What you return should be every line below, word for word, and none of the images.

━━━ STORED DATA ━━━

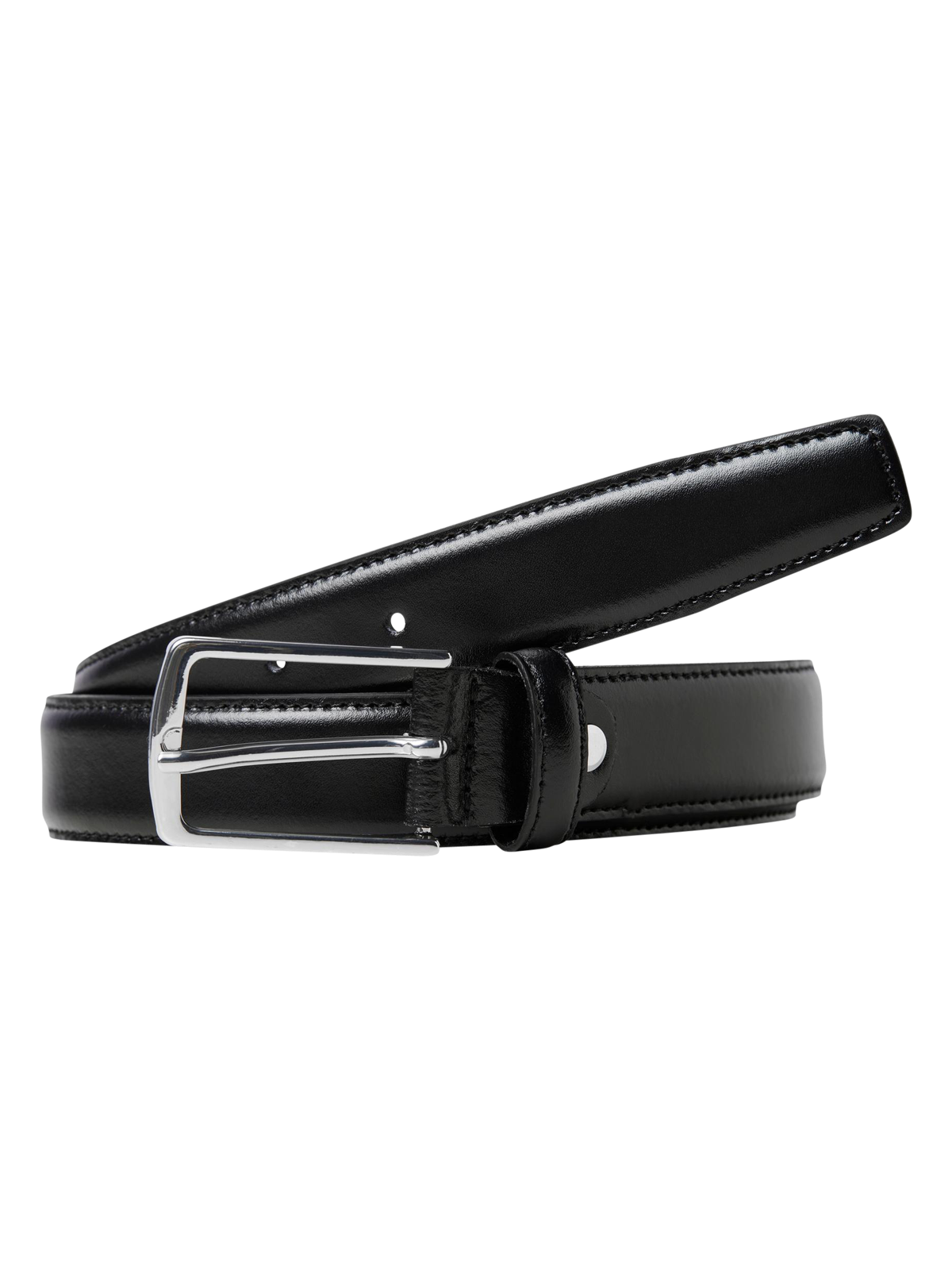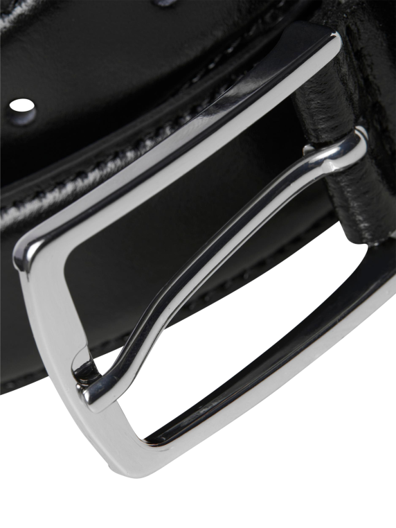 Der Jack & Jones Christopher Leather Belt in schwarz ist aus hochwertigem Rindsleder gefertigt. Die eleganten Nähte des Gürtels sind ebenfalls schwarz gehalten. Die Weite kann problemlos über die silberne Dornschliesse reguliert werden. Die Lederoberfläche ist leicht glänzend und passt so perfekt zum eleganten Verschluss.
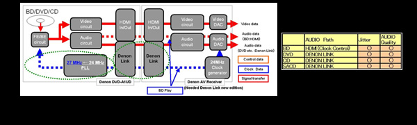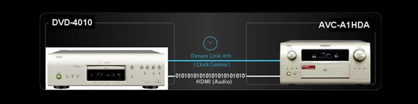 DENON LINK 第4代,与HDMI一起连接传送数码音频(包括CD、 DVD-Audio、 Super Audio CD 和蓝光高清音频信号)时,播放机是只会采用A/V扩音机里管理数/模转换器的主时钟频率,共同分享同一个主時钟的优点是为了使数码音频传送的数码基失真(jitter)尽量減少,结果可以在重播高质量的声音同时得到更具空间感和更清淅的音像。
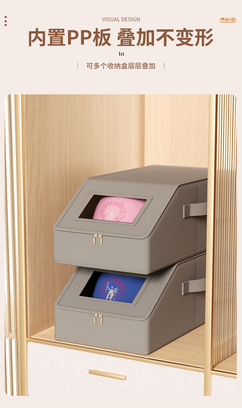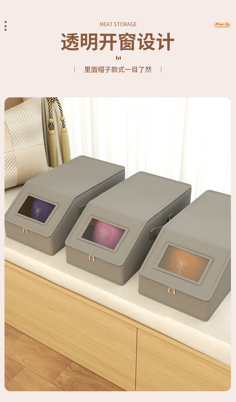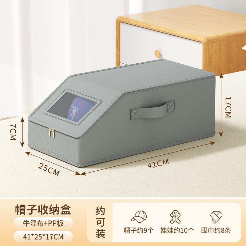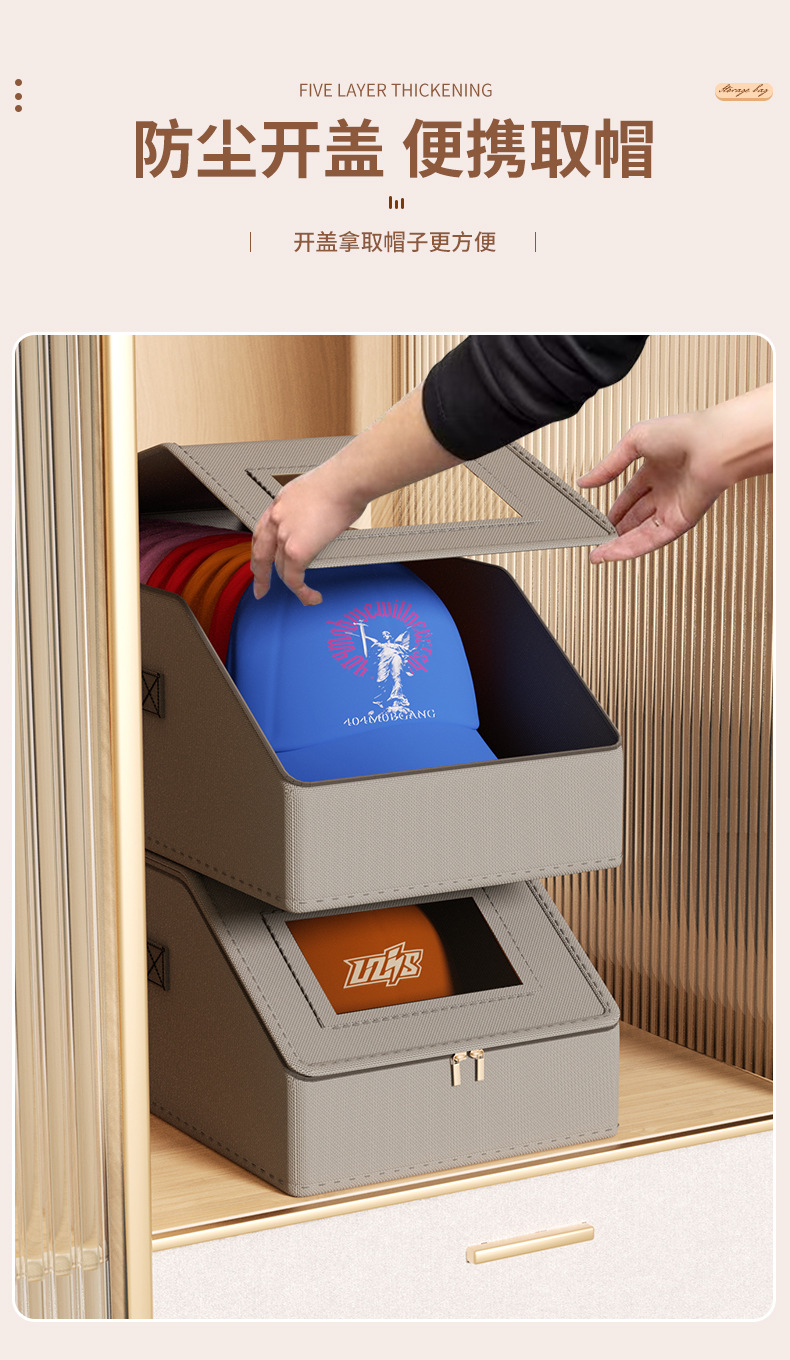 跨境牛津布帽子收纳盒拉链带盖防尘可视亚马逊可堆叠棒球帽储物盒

━━━

§ **ANSWER SPACE**:
 Der Jack & Jones Christopher Leather Belt in schwarz ist aus hochwertigem Rindsleder gefertigt. Die eleganten Nähte des Gürtels sind ebenfalls schwarz gehalten. Die Weite kann problemlos über die silberne Dornschliesse reguliert werden. Die Lederoberfläche ist leicht glänzend und passt so perfekt zum eleganten Verschluss.
 DENON LINK 第4代,与HDMI一起连接传送数码音频(包括CD、 DVD-Audio、 Super Audio CD 和蓝光高清音频信号)时,播放机是只会采用A/V扩音机里管理数/模转换器的主时钟频率,共同分享同一个主時钟的优点是为了使数码音频传送的数码基失真(jitter)尽量減少,结果可以在重播高质量的声音同时得到更具空间感和更清淅的音像。
 跨境牛津布帽子收纳盒拉链带盖防尘可视亚马逊可堆叠棒球帽储物盒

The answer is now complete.